HMRC has recently updated the data on the number of live cases it is reviewing under corporate criminal offences legislation. The updates act as a timely reminder to all organisations to check that they have procedures in place to identify and mitigate tax evasion facilitation risks.
Two new corporate criminal offences (CCOs) relating to tax evasion were introduced on 30 September 2017. The CCOs cover tax evasion in both the UK and overseas and apply to companies, partnerships and LLPs. Offences will be committed where a relevant body fails to prevent its ‘associated persons’ (which includes employees and agents) from criminally facilitating the evasion of a tax.
The only defence available to a company that may be guilty of a CCO is to demonstrate that it had reasonable prevention procedures in place. If found guilty of a CCO, a company could face an unlimited fine, a confiscation order or a serious crime prevention order. It could also be banned from entering into public procurement contracts.
HMRC regularly publishes data about the number of live cases and opportunities it is reviewing under the CCO legislation. It has confirmed that the legislation is not about simply increasing the number of corporate prosecutions, but also changing industry practice and attitudes towards risk, encouraging organisations to do more to prevent tax crime from happening in the first place.
As of 30 June 2023, HMRC had 9 live CCO investigations (with no charging decision having yet been made) and a further 25 live opportunities were currently under review.

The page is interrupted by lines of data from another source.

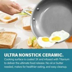 - Ultra-nonstick – nonstick cooking surface is coated 3-times and reinforced with diamonds to deliver ultimate food release, no oil or butter needed makes for healthier eating and provides for hassle free, 1-2-3 cleanup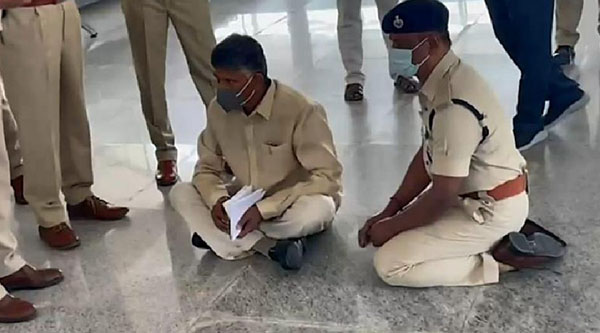 விமான நிலையத்தில் தரையில் அமர்ந்த ஆ ந் திரா முன்னாள் முதல்வர் சந்திரபாபு நாயுடு.. ம ண் டியிட்ட பொ லி ஸ்! எதற்காக? வெ ளி யான வீடியோ !!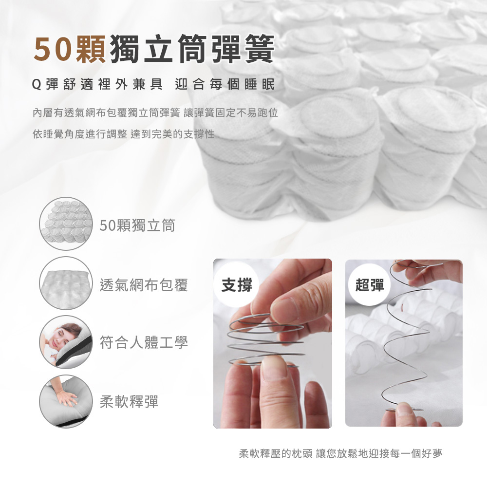 【細緻極佳觸感,讓您一夜好眠】● 柔和軟綿,天然親膚● 加強循環助好入眠● 50顆獨立筒,快速回彈,完美支撐【商品規格】表布:石墨烯纖維+聚酯纖維(polyester)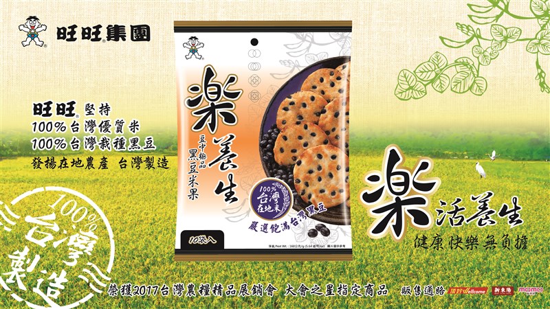 旺旺一向秉持愛護台灣人的心,堅持100%使用正港台灣在地米在地生產,旺旺全系列米果等產品,以實際的行動協助解決國產米過盛問題。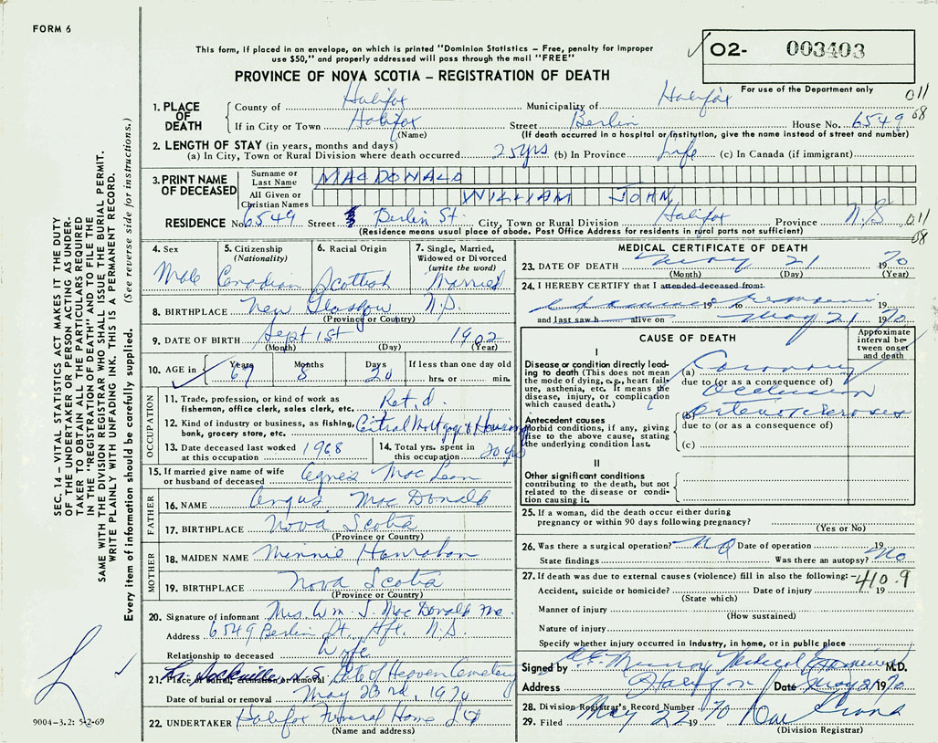 PROVINCE OF NOVA SCOTIA — REGISTRATION OF DEATH

The investigations spanned 10 different business sectors, including software providers, labour provision, accountancy and legal services.
With potentially unlimited fines for organisations found guilty of the offences, HMRC warns that organisations must take their responsibilities seriously and put in place reasonable procedures to stop the facilitation of tax evasion.
This insight is a reminder of the main elements of the CCOs and how to implement the required reasonable procedures.
Liability under the CCOs
To be liable for one of the new offences, a three-stage process must be satisfied.
- Stage one: there is criminal tax evasion by a legal entity or an individual;
- Stage two: there is criminal facilitation of the tax evasion by a person associated with the company; and
- Stage three: the company failed to prevent the associated person from acting in that way by not having reasonable prevention procedures in place.
Stage one: tax evasion
There are two different types of tax evasion:
- a UK tax evasion offence of cheating the public revenue or being knowingly concerned in the fraudulent evasion of any UK tax; and
- a foreign tax evasion offence relating to conduct which is an offence under the law of a foreign country, which relates to a breach of duty regarding a tax imposed under that foreign law and which would be regarded as a UK tax evasion offence if the offence were committed in the UK.
Stage two: facilitation of tax evasion
A company will be guilty of an offence if a person associated with it facilitates the tax evasion offence by either:
- being knowingly concerned in, or in taking steps with a view to, the fraudulent evasion of tax; or
- aiding, abetting, counselling or procuring the tax evasion.
The foreign tax evasion facilitation offence will apply where the company is incorporated in the UK, it is carrying on at least part of its business in the UK or the conduct constituting the offence took place in the UK.
Stage three: having reasonable prevention procedures in place
If stages one and two are satisfied, then a tax evasion offence has been committed and this has been facilitated by a person associated with the company.
A company will have a defence to this offence if it can show it had in place reasonable procedures designed to prevent persons associated with the company from committing tax evasion facilitation offences.
The company would be expected to carry out a risk assessment to establish which procedures are proportionate to the risk of tax evasion or whether the procedures are required at all.
HMRC guidance on the CCOs lists six guiding principles which illustrate ways in which relevant bodies might comply with the requirement of “reasonable procedures”. The principles are not prescriptive, however, and failure to satisfy all of the suggested methods of prevention does not necessarily indicate that reasonable prevention procedures are not in place.
It is worth remembering that the guidance does not require a company to prevent every instance of tax evasion from being committed, but merely requires it to adopt an approach that is proportionate to the areas of identified risk. Every company is different, so there is no ‘one-size fits all’ approach that should be applied.
What should organisations do?
The CCOs do not change what amounts to tax evasion which has always been, and continues to be, a crime. Instead, they extend the scope of persons that can be prosecuted when tax evasion occurs. The CCOs make it easier for companies to be prosecuted where tax evasion has taken place. A lack of knowledge or intention within the organisation is not a defence.
Companies should conduct a wide-ranging risk assessment to identify any tax evasion risks within their business. Existing policies and procedures should be reviewed and additional procedures implemented to prevent any person associated with the company from facilitating tax evasion, both in the UK and overseas. Ensuring that all staff and third parties know their obligations under the CCOs will count towards having reasonable prevention procedures in place.
As stated above, whether the procedures are reasonable will depend on the nature of the business and the risks it faces, including its size, the complexity of its business and its industry focus and profile. Reasonable procedures will be proportionate to the level of risk faced and excessively burdensome procedures will not be required in order to eradicate all risk.